━━━ Supplied records
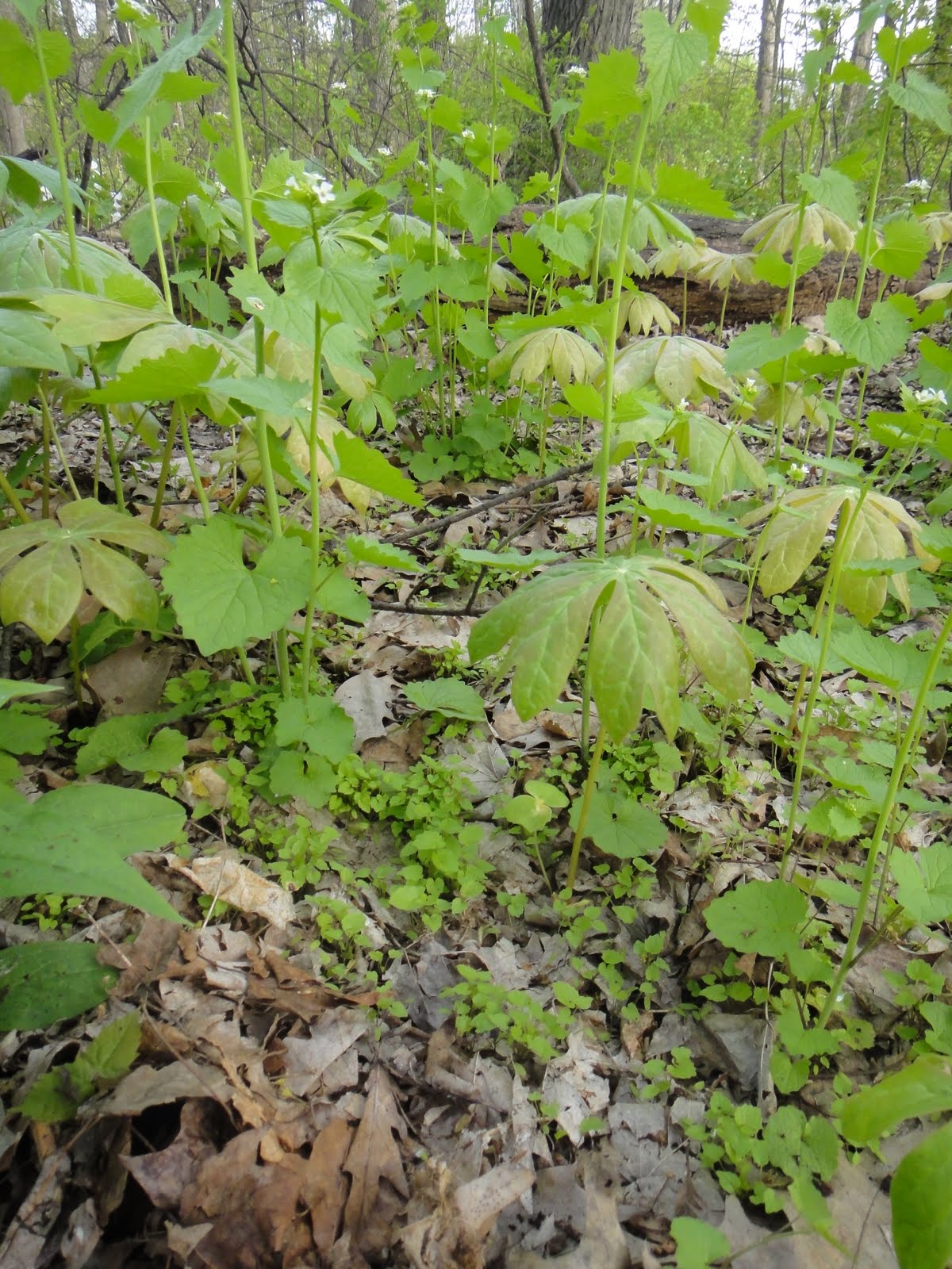 However, within this all lurks a bit of evil. Masses and masses of Garlic Mustard (Alliaria petiolata), a noxious weed, introduced from Europe and threatening native plants throughout the Midwest. And I do mean masses. In clusters together, between the other plants, Best controlled by pulling, which when at flowering height is easy. However, lurking below millions and millions of tiny seedlings. I’ve read a single plant can produce 50,000 seeds, seeds that remain viable in the soil for 6 years. Garlic Mustard plants are alleopathic producing chemicals in the soil that inhibit the growth of other plants.
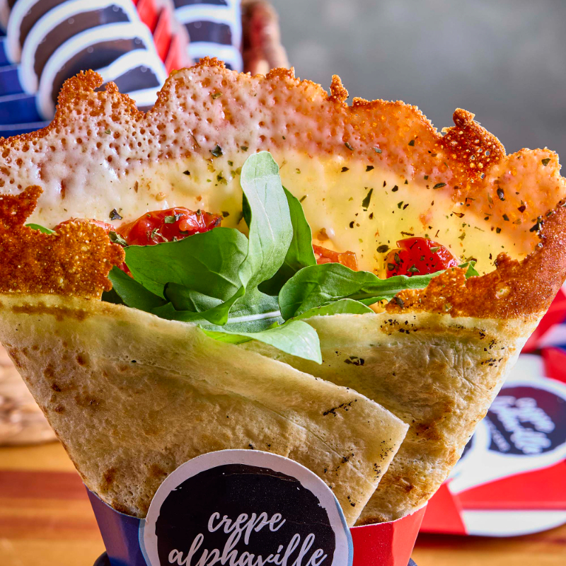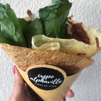 Crepe no cone recheado de queijo, cenoura, tomate, orégno, azeitona e manjericão. *produto para consumo imediato.
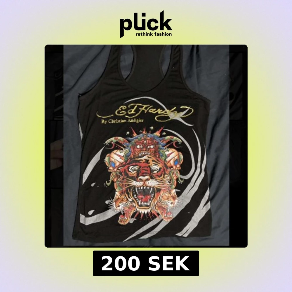 Snyggt svart linne från Ed Hardy med ett färgglatt tigertryck och guldtext på framsidan.
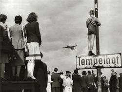 الألمان يراقبون طائرات الامدادات الغربية في مطار برلين تمپل‌هوف أثناء الجسر الجوي لبرلين.
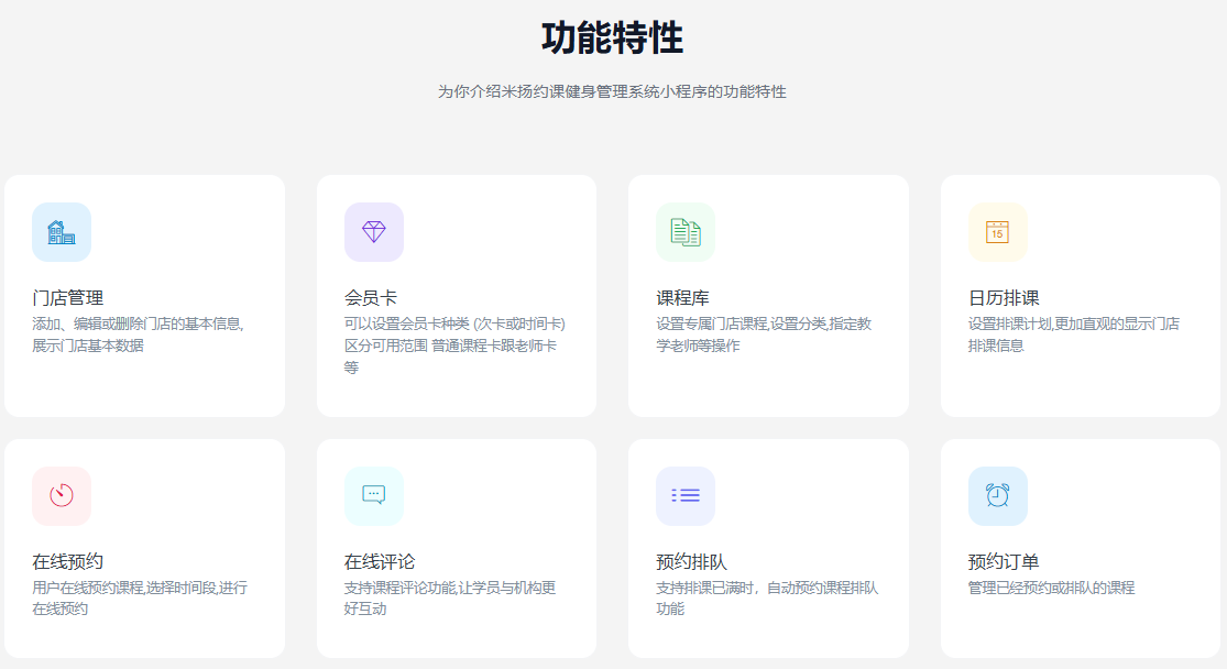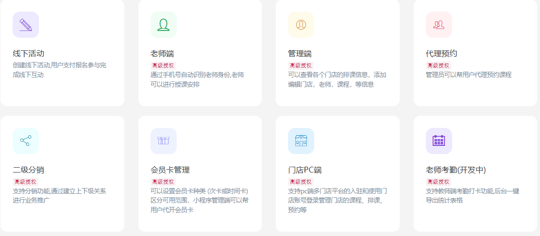 一款基于FastAdmin+ThinkPHP+Uniapp开发的约课健身管理系统,应用于健身房,健身工作室,运动会所,运动场馆,瑜伽馆,拳馆等泛健身行业的场馆中。米扬约课健身致力于为各种健身场馆打造真正有效的营销系统,简洁易用的客户信息管理系统,适合多门店、多角色、多场景的服务系统,紧跟健身行业的进步与升级,为广大客户提供优质的服务。
━━━━━━
[Work to complete]
Please repeat the lines above from the line containing "الألمان يراقبون طائرات" through the final line, both included, exactly as they stand and without pictures.

[Output of the task]
 الألمان يراقبون طائرات الامدادات الغربية في مطار برلين تمپل‌هوف أثناء الجسر الجوي لبرلين.
 一款基于FastAdmin+ThinkPHP+Uniapp开发的约课健身管理系统,应用于健身房,健身工作室,运动会所,运动场馆,瑜伽馆,拳馆等泛健身行业的场馆中。米扬约课健身致力于为各种健身场馆打造真正有效的营销系统,简洁易用的客户信息管理系统,适合多门店、多角色、多场景的服务系统,紧跟健身行业的进步与升级,为广大客户提供优质的服务。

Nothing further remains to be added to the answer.